47      On the other hand, as regards the fact that the mandatory national targets, to which the support schemes referred to in Article 3(3) of Directive 2009/28 are to contribute, are identified in Article 3(1) of the directive in terms of the proportion of green energy in the ‘final consumption’ of energy, it should be noted that, under Article 5(1) and (3) of the directive, that consumption is in reality calculated by reference to the volume of green electricity ‘produced’ in a Member State.

48      It thus follows from the considerations set out in paragraphs 40 to 47 above that a support scheme for green electricity production using green certificates, such as that at issue in the main proceedings, has the necessary characteristics to be categorised as a ‘support scheme’ within the meaning of point (k) of the second paragraph of Article 2 and Article 3(3) of Directive 2009/28.

49      With regard, in the second place, to the referring court’s doubts concerning the fact that the support scheme at issue in the main proceedings provides for the award of electricity certificates solely in respect of green electricity produced in the national territory, it is clear that, in adopting Directive 2009/28, the EU legislature left open the possibility of such a territorial limitation.

50      In that regard, first of all, it can be seen from recital 25 to Directive 2009/28 that, having found that most Member States apply support schemes that promote only green energy produced in their territory, the EU legislature indicated that, in order to ensure the effectiveness of those schemes as measures intended to help meet the respective national overall targets, it is essential that Member States be able to determine whether and, if so, to what extent their national support schemes are to apply to green energy produced in other Member States and to agree on this by applying the cooperation mechanisms provided for under the directive.

51      Next, Article 3(3) of Directive 2009/28 expressly provides that, without prejudice to Articles 107 TFEU and 108 TFEU, Member States have the right to decide, in accordance with Articles 5 to 11 of the directive, to what extent they will support energy from renewable sources that is produced in another Member State.

52      Lastly, with regard more specifically to national schemes using green certificates, it should be noted that the EU legislature expressly took care to specify, in recitals 52 and 56 to Directive 2009/28, that the guarantees of origin issued in the various Member States in accordance with the directive must be distinguished from green certificates used in the context of national support schemes and that they do not, of themselves, confer the right to participate in such schemes. As can be seen, moreover, from point (j) of the second paragraph of Article 2 and from Article 15(1) and (9) of Directive 2009/28, mutual recognition between Member States of guarantees of origin whose sole purpose is to reveal to final customers the proportion of energy from renewable sources in an energy supplier’s energy mix must be confined within those terms.

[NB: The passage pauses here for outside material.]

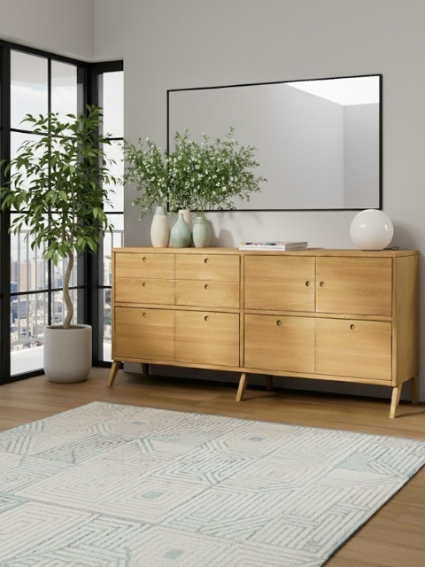 Komoda Arbaro 180 posiada dwie głębokie szuflady umieszczone na dole, dwie płytsze oraz część szafkową z podwójnymi drzwiczkami. Ta wszechstronna konstrukcja zapewnia różnorodne opcje przechowywania dla różnych przedmiotów. Szuflady i drzwiczki zamontowane zostały na prowadnicach i zawiasach Blum z systemem cichego domyku, zapewniającym tym samym delikatne zamykanie i ciche korzystanie z mebla.

53      Those specifications in turn confirm that the EU legislature did not intend to require Member States who opted for a support scheme using green certificates to extend that scheme to cover green electricity produced on the territory of another Member State.

54      In the light of all the foregoing considerations, the answer to Question 1 is that point (k) of the second paragraph of Article 2 and Article 3(3) of Directive 2009/28 must be interpreted as allowing a Member State to establish a support scheme, such as that at issue in the main proceedings, which provides for the award of tradable certificates to producers of green electricity solely in respect of green electricity produced in the territory of that State and which places suppliers and certain electricity users under an obligation to deliver annually to the competent authority a certain number of those certificates, corresponding to a proportion of the total volume of electricity that they have supplied or consumed.

 Questions 2 and 3

55      By its second and third questions, which it is appropriate to examine together, the referring court asks in essence whether Article 34 TFEU must be interpreted as meaning that national legislation such as that at issue in the main proceedings — which provides for the award of tradable certificates to producers of green electricity solely in respect of green electricity produced in the territory of the Member State concerned and which places suppliers and certain electricity users under an obligation to surrender annually to the competent authority a certain number of those certificates, corresponding to a proportion of the total volume of electricity that they have supplied or used, failing which they must pay a specific fee — constitutes a measure having equivalent effect to a quantitative restriction on imports for the purposes of that provision. If so, the referring court asks whether such legislation may nevertheless be justified in the light of its objective of promoting the production of green electricity.

 The applicability of Article 34 TFEU

56      According to the Energimyndigheten and the Swedish and German Governments, there is no need to examine, in the light of Article 34 TFEU, the restriction curtailing the territorial scope of the legislation at issue in the main proceedings, inasmuch as Directive 2009/28 is a harmonisation measure which expressly provides that Member States are under no obligation to open up their support schemes to green electricity produced in other Member States and that such a course of action is merely an option for those States, which, if taken up, must be exercised strictly in the manner prescribed by the directive.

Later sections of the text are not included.